Shipping a SaaS Solo: The Boring Architecture Behind Market Verdict
How I built a 10-language business viability analyzer on a Go monolith, a six-step ship script, and a refusal to do anything manually twice.
Market Verdict answers one question: is your business idea viable in a specific location? Type in "coffee roastery in Hamburg" and it pulls market data, demographics, competition density, and local purchasing power, then renders a verdict — with a paid tier that generates a tailored go-to-market plan and a multilingual PDF report.
It's built and operated by one person. This article is about the engineering decisions that make that possible: the stack, the deployment pipeline, the testing philosophy, and the workflow automation that turns a solo project into something that ships to production several times a day without fear.
The Stack: Aggressively Boring
The architecture is a single Go binary talking to PostgreSQL, deployed on Render. No microservices, no Kubernetes, no message broker cluster. The frontend is server-rendered HTML with HTMX for interactivity — no React, no build step, no node_modules folder the size of a small moon.
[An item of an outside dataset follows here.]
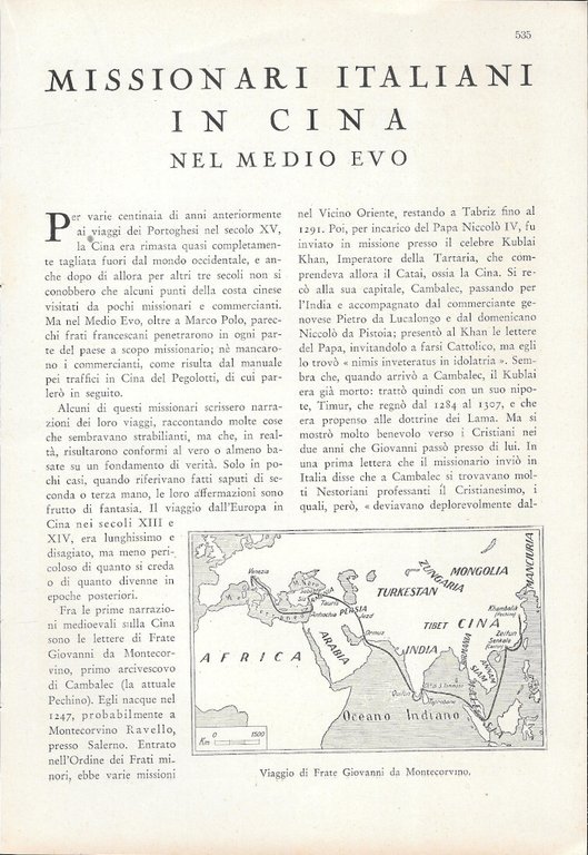 Missionari italiani in Cina nel Medioevo - Estratto 1943

This isn't a retro statement. It's a headcount calculation. Every moving part in a system is something one person has to monitor, patch, and debug at 2 a.m. A monolith means one deploy artifact, one log stream, one place where bugs live.
The supporting cast:
River for background jobs. River is a Postgres-native job queue for Go — jobs live in the same database as everything else, which means job enqueueing participates in the same transaction as the business logic that triggered it. No "we charged the customer but the email job got lost" failure mode. Scheduled work (a daily SEO audit at 05:00, an auto-blog pipeline at 08:00) runs as River PeriodicJobs. There is no cron package in the codebase, by rule. One scheduler, one set of retry semantics, one dashboard.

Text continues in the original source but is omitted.